» **RECORDS SHOWN**:

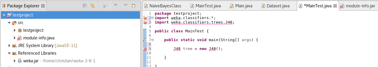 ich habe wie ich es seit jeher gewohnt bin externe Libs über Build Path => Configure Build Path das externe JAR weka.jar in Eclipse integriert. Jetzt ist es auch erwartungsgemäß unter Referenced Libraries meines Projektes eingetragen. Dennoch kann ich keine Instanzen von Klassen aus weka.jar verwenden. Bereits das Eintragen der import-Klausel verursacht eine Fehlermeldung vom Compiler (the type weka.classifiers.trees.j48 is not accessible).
---
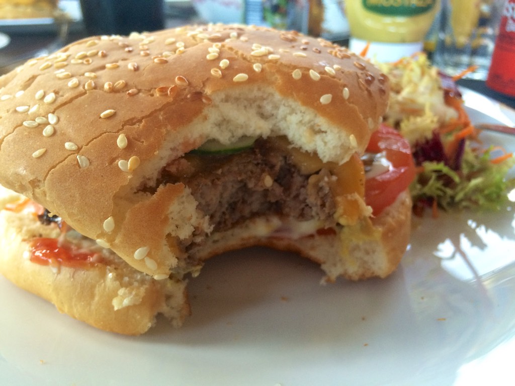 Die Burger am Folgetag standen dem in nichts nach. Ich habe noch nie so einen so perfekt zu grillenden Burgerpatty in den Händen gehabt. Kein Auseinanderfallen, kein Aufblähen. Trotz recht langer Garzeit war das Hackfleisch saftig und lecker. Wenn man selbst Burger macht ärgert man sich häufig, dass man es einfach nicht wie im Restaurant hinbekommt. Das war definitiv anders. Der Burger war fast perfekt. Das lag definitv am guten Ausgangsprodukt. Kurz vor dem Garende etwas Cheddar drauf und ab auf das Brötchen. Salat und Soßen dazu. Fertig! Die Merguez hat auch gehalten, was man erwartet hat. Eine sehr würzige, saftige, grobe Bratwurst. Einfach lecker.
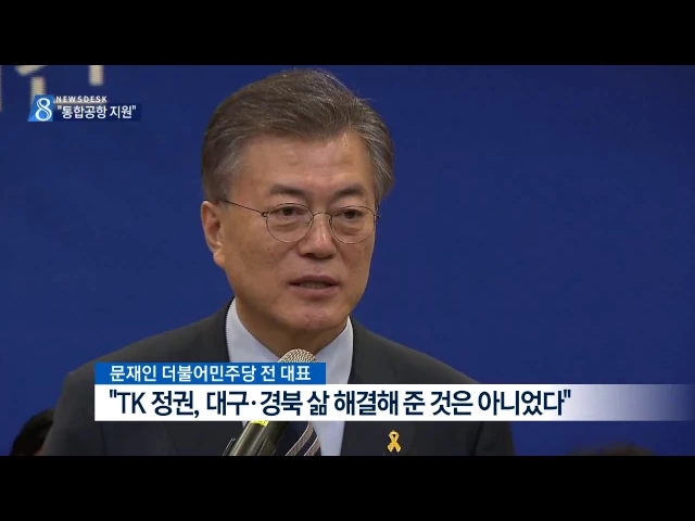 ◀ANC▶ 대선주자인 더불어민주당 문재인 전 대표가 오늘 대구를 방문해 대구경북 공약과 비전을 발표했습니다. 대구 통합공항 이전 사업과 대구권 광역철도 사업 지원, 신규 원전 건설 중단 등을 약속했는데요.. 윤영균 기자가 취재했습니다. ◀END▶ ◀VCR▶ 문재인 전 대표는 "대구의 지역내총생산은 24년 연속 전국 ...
...
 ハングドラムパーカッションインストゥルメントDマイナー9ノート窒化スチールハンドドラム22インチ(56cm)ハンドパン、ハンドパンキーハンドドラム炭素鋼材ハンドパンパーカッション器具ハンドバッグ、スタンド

» **WORK REQUIRED**:
Retype only the lines above from the one with "Die Burger am" through the one with "24년 연속 전국 ...", exactly and with both ends. Images stay out.

» **YOUR RESPONSE**:
 Die Burger am Folgetag standen dem in nichts nach. Ich habe noch nie so einen so perfekt zu grillenden Burgerpatty in den Händen gehabt. Kein Auseinanderfallen, kein Aufblähen. Trotz recht langer Garzeit war das Hackfleisch saftig und lecker. Wenn man selbst Burger macht ärgert man sich häufig, dass man es einfach nicht wie im Restaurant hinbekommt. Das war definitiv anders. Der Burger war fast perfekt. Das lag definitv am guten Ausgangsprodukt. Kurz vor dem Garende etwas Cheddar drauf und ab auf das Brötchen. Salat und Soßen dazu. Fertig! Die Merguez hat auch gehalten, was man erwartet hat. Eine sehr würzige, saftige, grobe Bratwurst. Einfach lecker.
 ◀ANC▶ 대선주자인 더불어민주당 문재인 전 대표가 오늘 대구를 방문해 대구경북 공약과 비전을 발표했습니다. 대구 통합공항 이전 사업과 대구권 광역철도 사업 지원, 신규 원전 건설 중단 등을 약속했는데요.. 윤영균 기자가 취재했습니다. ◀END▶ ◀VCR▶ 문재인 전 대표는 "대구의 지역내총생산은 24년 연속 전국 ...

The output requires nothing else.